§ **Data below**
=-=-=-=-=
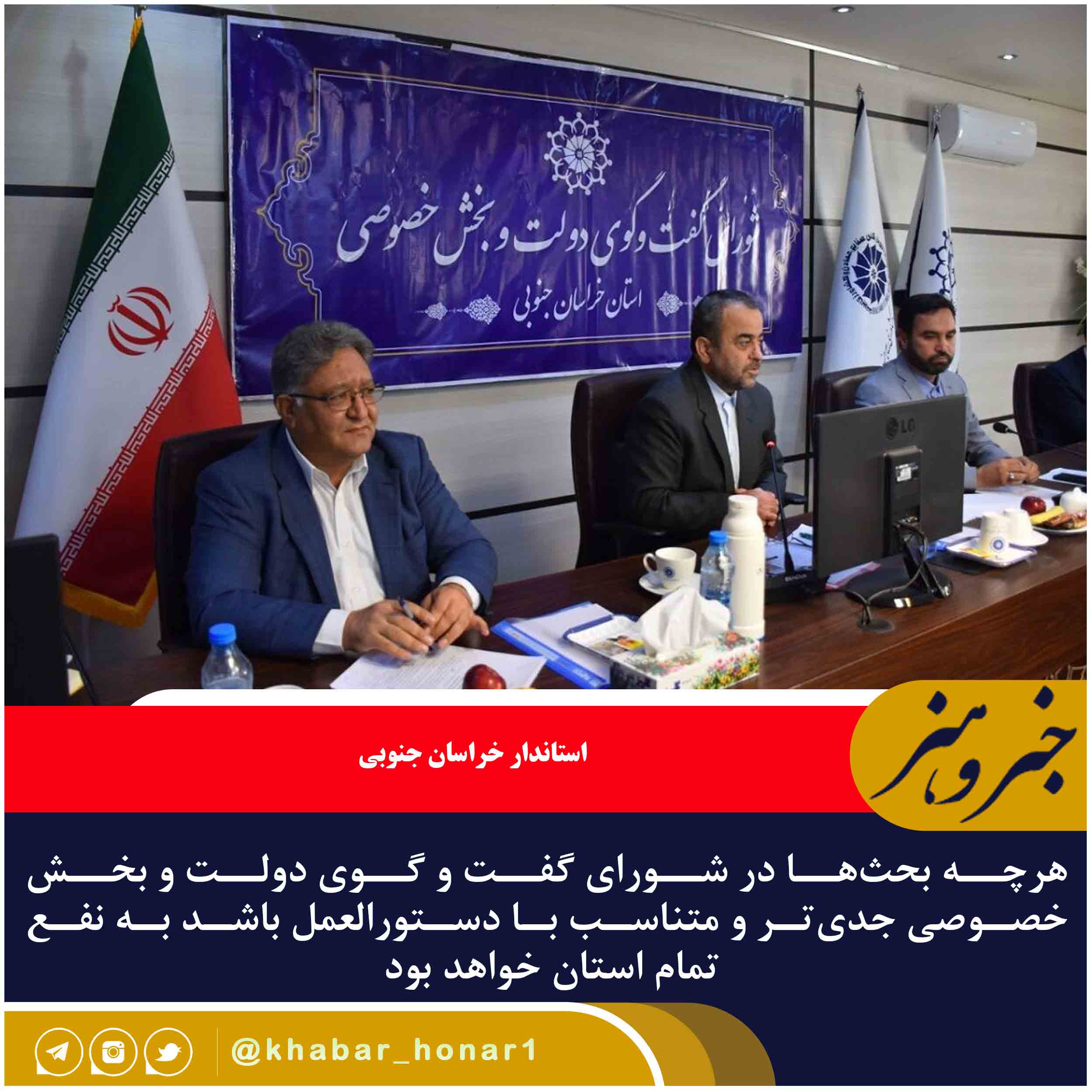 استاندار خراسان جنوبی گفت: در شورای گفت و گوی دولت و بخش خصوصی باید مسائل و موضوعات کلان استان مورد بررسی قرار گیرد تا شاهد حل و فصل آنها باشیم.
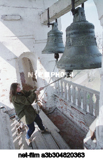 Май 1990 г. СССР. Владимирская область. Суздаль. Учащаяся отделения реставрации живописи Суздальского художественного училища, звонарь Анна Розина во время игры на колоколах в звоннице Спасо-Евфимиева мужского монастыря, построенной в XVI веке. Точная дата съемки не установлена. Геннадий Попов/ТАСС
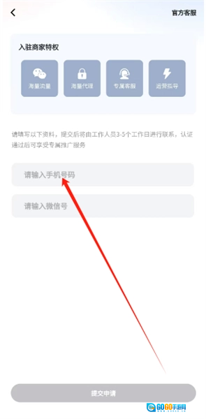 2.在入驻页面,用户可查看商家特权,输入手机号与微信号后等待审核即可。
=-=-=-=-=
What is needed is an exact copy of every line from the one with "Май 1990 г." to the end of the listing above, with the pictures left out.

§ **Reply to the task**
 Май 1990 г. СССР. Владимирская область. Суздаль. Учащаяся отделения реставрации живописи Суздальского художественного училища, звонарь Анна Розина во время игры на колоколах в звоннице Спасо-Евфимиева мужского монастыря, построенной в XVI веке. Точная дата съемки не установлена. Геннадий Попов/ТАСС
 2.在入驻页面,用户可查看商家特权,输入手机号与微信号后等待审核即可。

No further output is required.